`oasislmf.utils.data`¶

Module Contents¶

Functions¶

`factorize_array`(arr[, sort_opt])	Groups a 1D Numpy array by item value, and optionally enumerates the
`factorize_ndarray`(ndarr[, row_idxs, col_idxs, sort_opt])	Groups an n-D Numpy array by item value, and optionally enumerates the
`factorize_dataframe`(df[, by_row_labels, ...])	Groups a selection of rows or columns of a Pandas DataFrame array by value,
`fast_zip_arrays`(*arrays)	Speedy zip of a sequence or ordered iterable of Numpy arrays (Python
`fast_zip_dataframe_columns`(df, cols)	Speedy zip of a sequence or ordered iterable of Pandas DataFrame columns
`detect_encoding`(filepath)	Given a path to a CSV of unknown encoding
`get_dataframe`([src_fp, src_type, src_buf, src_data, ...])	Loads a Pandas dataframe from a source CSV or JSON file, or a text buffer
`get_dtypes_and_required_cols`(get_dtypes[, all_dtypes])	Get OED column data types and required column names from JSON.
`get_ids`(df, usecols[, group_by, sort_keys])	Enumerates (counts) the rows of a given dataframe in a given subset
`get_json`(src_fp)	Loads JSON from file.
`get_timestamp`([thedate, fmt])	Get a timestamp string from a `datetime.datetime` object
`get_utctimestamp`([thedate, fmt])	Get a UTC timestamp string from a `datetime.datetime` object
`merge_check`(left, right[, on, raise_error])	Check two dataframes for keys intersection, use before performing a merge
`merge_dataframes`(left, right[, join_on])	Merges two dataframes by ensuring there is no duplication of columns.
`prepare_location_df`(location_df)
`prepare_account_df`(accounts_df)
`prepare_reinsurance_df`(ri_info, ri_scope)
`get_exposure_data`(computation_step[, add_internal_col])
`print_dataframe`(df[, cols, string_cols, show_index, ...])	A method to pretty-print a Pandas dataframe - calls on the `tabulate`
`set_dataframe_column_dtypes`(df, dtypes)	A method to set column datatypes for a Pandas dataframe
`validate_vuln_csv_contents`(file_path)	Validate the contents of the CSV file for vulnerability replacements.
`validate_vulnerability_replacements`(analysis_settings_json)	Validate vulnerability replacements in analysis settings file.
`fill_na_with_categoricals`(df, fill_value)	Fill NA values in a Pandas DataFrame, with handling for Categorical dtype columns.

Attributes¶

`PANDAS_BASIC_DTYPES`
`PANDAS_DEFAULT_NULL_VALUES`
`RI_INFO_DEFAULTS`
`RI_SCOPE_DEFAULTS`

oasislmf.utils.data.PANDAS_BASIC_DTYPES[source]¶

oasislmf.utils.data.PANDAS_DEFAULT_NULL_VALUES[source]¶

oasislmf.utils.data.RI_INFO_DEFAULTS[source]¶

oasislmf.utils.data.RI_SCOPE_DEFAULTS[source]¶

oasislmf.utils.data.factorize_array(arr, sort_opt=False)[source]¶

Groups a 1D Numpy array by item value, and optionally enumerates the groups, starting from 1. The default or assumed type is a Nunpy array, although a Python list, tuple or Pandas series will work too.

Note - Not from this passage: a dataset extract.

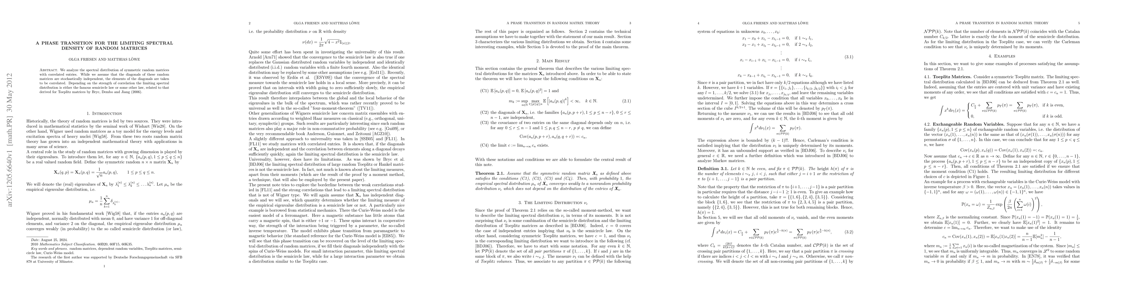We analyze the spectral distribution of symmetric random matrices with correlated entries. While we assume that the diagonals of these random matrices are stochastically independent, the elements of the diagonals are taken to be correlated. Depending on the strength of correlation the limiting spectral distribution is either the famous semicircle law or some other law, related to that derived for Toeplitz matrices by Bryc, Dembo and Jiang (2006).

Parameters:: arr (numpy.ndarray) – 1D Numpy array (or list, tuple, or Pandas series)
Returns:: A 2-tuple consisting of the enumeration and the value groups
Return type:: tuple

oasislmf.utils.data.factorize_ndarray(ndarr, row_idxs=[], col_idxs=[], sort_opt=False)[source]¶

Groups an n-D Numpy array by item value, and optionally enumerates the groups, starting from 1. The default or assumed type is a Nunpy array, although a Python list, tuple or Pandas series will work too.

Parameters:

ndarr (numpy.ndarray) – n-D Numpy array (or appropriate Python structure or Pandas dataframe)
row_idxs (list) – A list of row indices to use for factorization (optional)
col_idxs (list) – A list of column indices to use for factorization (optional)

Returns:

A 2-tuple consisting of the enumeration and the value groups

Return type:

tuple

oasislmf.utils.data.factorize_dataframe(df, by_row_labels=None, by_row_indices=None, by_col_labels=None, by_col_indices=None)[source]¶

Groups a selection of rows or columns of a Pandas DataFrame array by value, and optionally enumerates the groups, starting from 1.

Parameters:

df – Pandas DataFrame
by_row_labels (list, tuple) – A list or tuple of row labels
by_row_indices (list, tuple) – A list or tuple of row indices
by_col_labels (list, tuple) – A list or tuple of column labels
by_col_indices (list, tuple) – A list or tuple of column indices

Type:

pandas.DataFrame

Returns:

A 2-tuple consisting of the enumeration and the value groups

Return type:

tuple

oasislmf.utils.data.fast_zip_arrays(*arrays)[source]¶

Speedy zip of a sequence or ordered iterable of Numpy arrays (Python iterables with ordered elements such as lists and tuples, or iterators or generators of these, will also work).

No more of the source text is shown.